Polis, kuledeki darbeci askerleri temizledikten sonra uçağa havalimanı kontrol altında bilgisi ulaştırıldı. Pist ışıkları yakıldı. Bu tür durumlar için G450 tipi uçakta EVS olarak adlandırılan Geliştirilmiş Görüş Sistemi bulunuyordu. Uçağın burnundaki kameradan kızılötesi görüntü pilotun önündeki ekrana aktarılıyor, ışık bir anda kapatılsa bile pist görüntüsü verilebiliyordu.

Uçak, kuzey-güney yönündeki 17/35 pistine indi, ardından Genel Havacılık Apronu’na doğru döndü. Apronun yer emniyeti de polis özel harekât tarafından alınmıştı. Uçak apronda park ettikten sonra F-16’lar Boğaz’dan Atatürk Havalimanı’na geldi. Alçaktan ve ses hızını aşarak uçtular. F-16’ların arkasından ses hızı aşıldığı için ‘sonicboom’ denilen patlama sesleri geliyordu.

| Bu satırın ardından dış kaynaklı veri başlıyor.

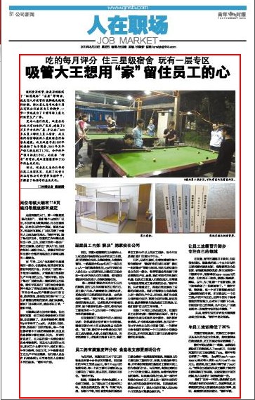 8月22日,作為浙江省四大主流平面媒體之一的《青年時(shí)報》專(zhuān)門(mén)派遣資深記者到我公司,參觀(guān)公司并采訪(fǎng)了董事長(cháng)樓仲平。次日,《青年時(shí)報》就以整整一個(gè)版面的文字介紹了我公司,并著(zhù)重描述了我公司對員工的關(guān)懷政策和生態(tài)型企業(yè)文化。以下是文章正文:

Genel havacılık bölgesindeki bazı hangarların bu patlama ile camları kırıldı.

O PİLOT THY’DEN AYRILDI

Barış Yurtseven, Anadolu Üniversitesi Sivil Havacılık Pilotaj Bölümü’nü bitirdikten sonra Türk Hava Yolları’na girmişti. İki yıl Boeing 737 uçaklarında ikinci pilot olarak uçtu. Sonrasında VIP uçaklarına tayini çıktı. Gulfstream tipi uçaklarda görev yapmaya başladı. Kaptanlık süresi geldiğinde VIP uçuşlarının normal havayolu uçuşlarına göre daha az olması nedeniyle henüz yeterli uçuş saatine ulaşamamıştı. Tekrar yolcu uçaklarına döndü. Saatlerini tamamladı. Sonra da kaptanlık yapmak üzere VIP uçaklarına döndü. O gecede Cumhurbaşkanı Erdoğan’ı uçuruyordu.

THY’de 20 yıldır görev yapan Yurtseven’in geçtiğimiz şubat ayında o gece ile ilgili incelemeler,soruşturmalar tamamlanarak şirketle ilgisi kesildi. İddiaya göre, uçağının transponder’ını açık bırakan Yurtseven, THY’nin yaptığı güvenlik sorgulamasına da takıldı. Bank Asya’ya para yatırdığı tespit edildi. Kaptan pilot savunmasında bu parayı çocuğunun okul ödemesi için açılan hesaba yatırdığını, FETÖ ile bağlantısının olmadığını söyledi. Bir FETÖ bağlantısı konusunda bir sonuç çıkmadı.

Özel bir havayolu şirketine giren Barış Yurtseven, yeni görev yapacağı uçak için eğitim alıyor.